In your copy of the data, include no pictures and alter nothing else.

__INPUT DATA__
==============================

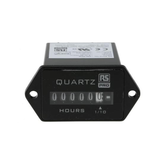 Rectangular quartz hour meter with mechanical display in 1/10 hour increments. Suitable for tracking engine operating time and maintenance schedules. Compact format for easy panel or bracket installation.
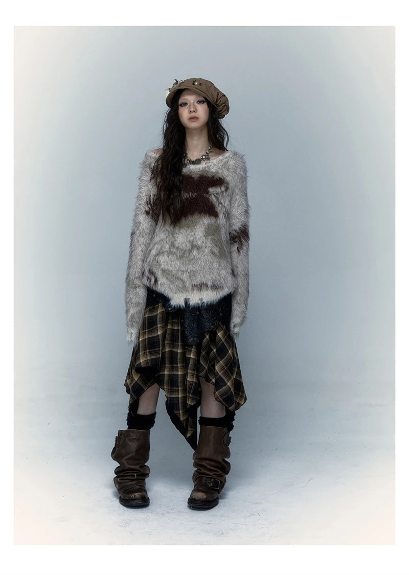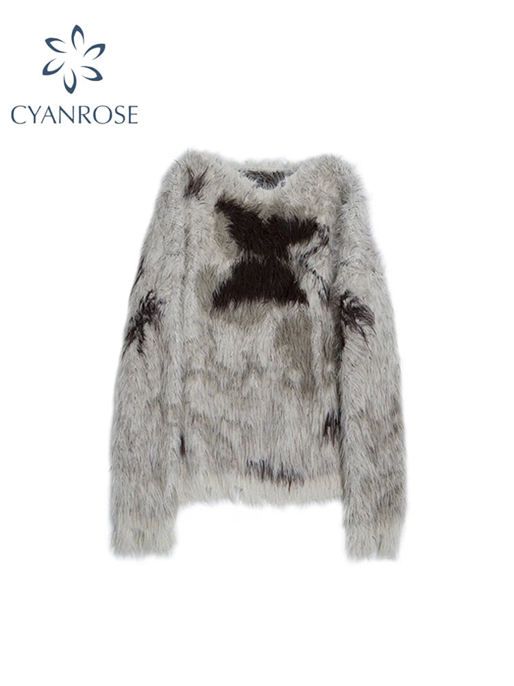 Women's Khaki Mohair Pullover Knit Sweater Harajuku Y2k Long Sleeves O-Neck Sweater Vintage 90s 2000s Aesthetic Fashion Clothes
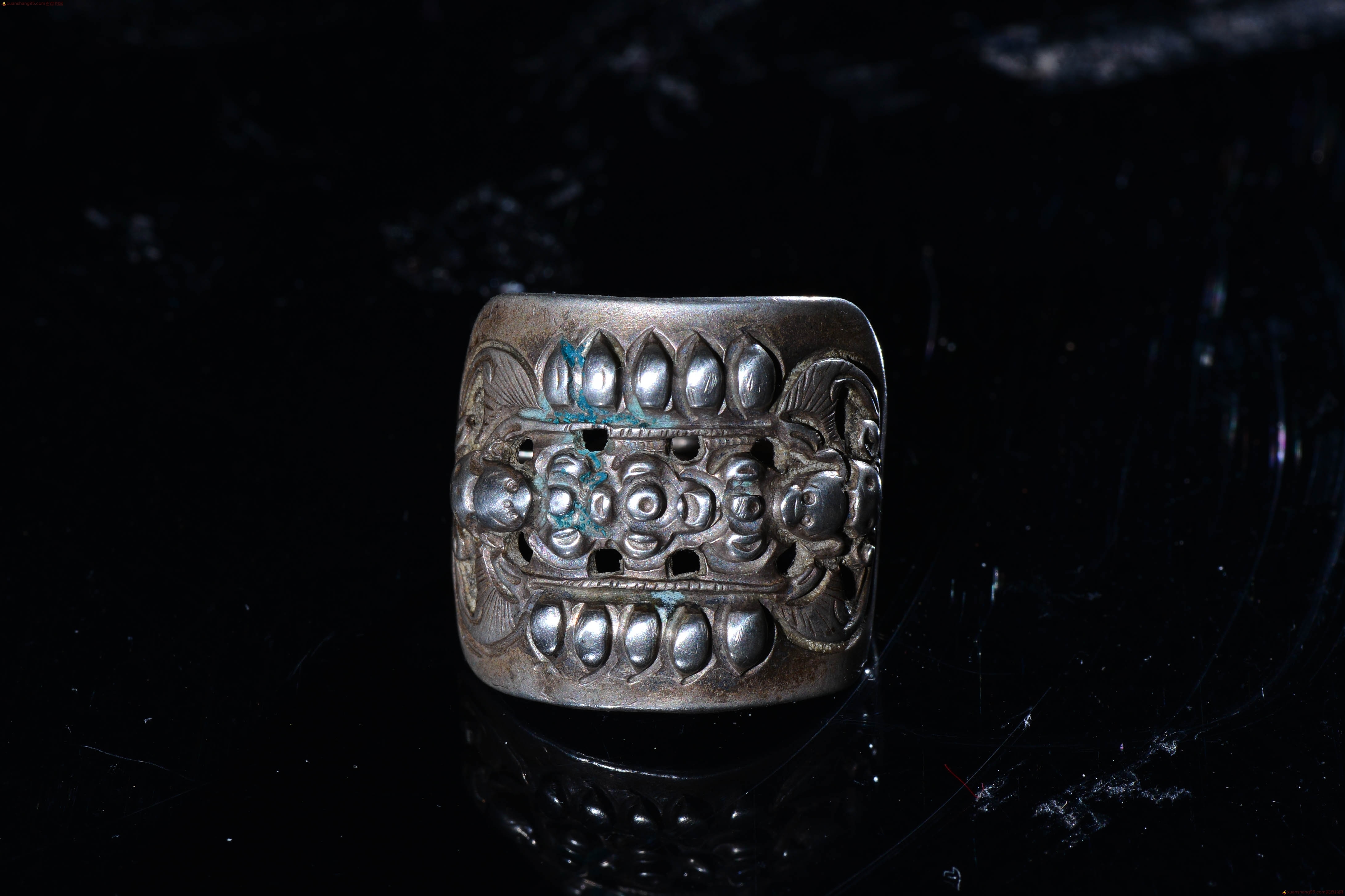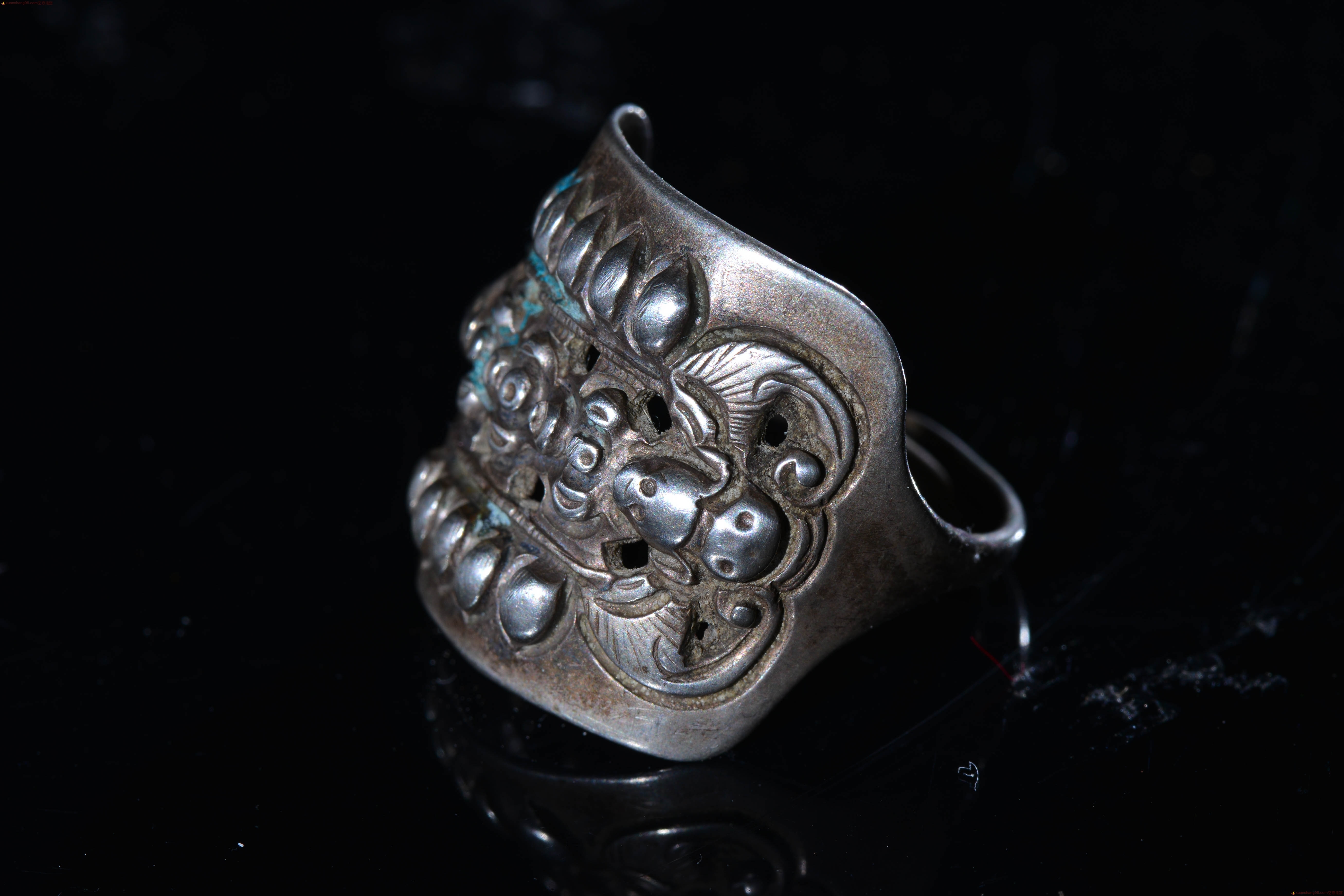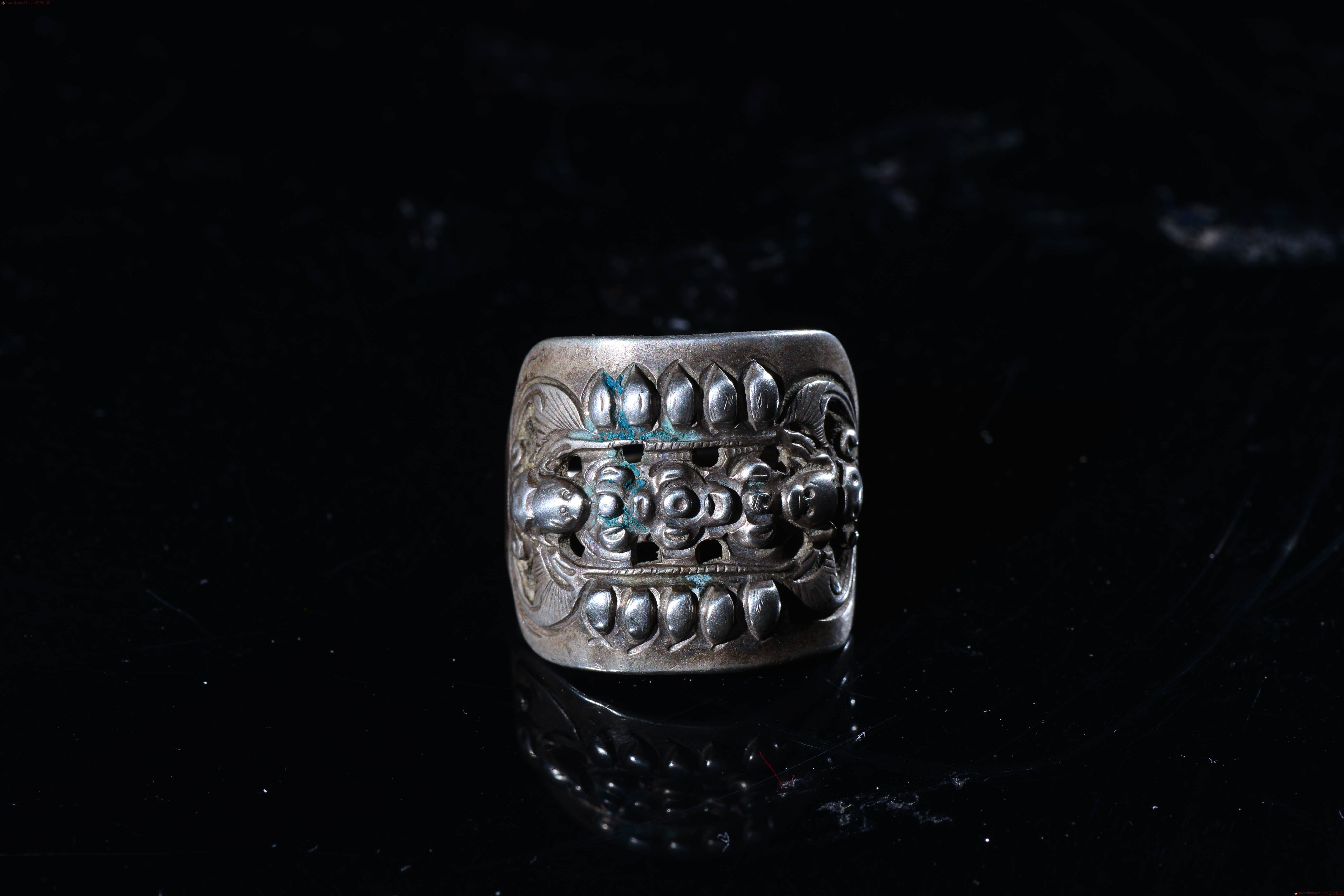 旧藏 福在眼前 银戒指 戒指正面 两个精工蝙蝠,中间精美花卉,户口,包浆厚重,老气十足,直径2.1厘米 戒指面 长2.3厘米 宽2厘米。收藏佳品。

==============================

__YOUR SOLUTION__
 Rectangular quartz hour meter with mechanical display in 1/10 hour increments. Suitable for tracking engine operating time and maintenance schedules. Compact format for easy panel or bracket installation.
 Women's Khaki Mohair Pullover Knit Sweater Harajuku Y2k Long Sleeves O-Neck Sweater Vintage 90s 2000s Aesthetic Fashion Clothes
 旧藏 福在眼前 银戒指 戒指正面 两个精工蝙蝠,中间精美花卉,户口,包浆厚重,老气十足,直径2.1厘米 戒指面 长2.3厘米 宽2厘米。收藏佳品。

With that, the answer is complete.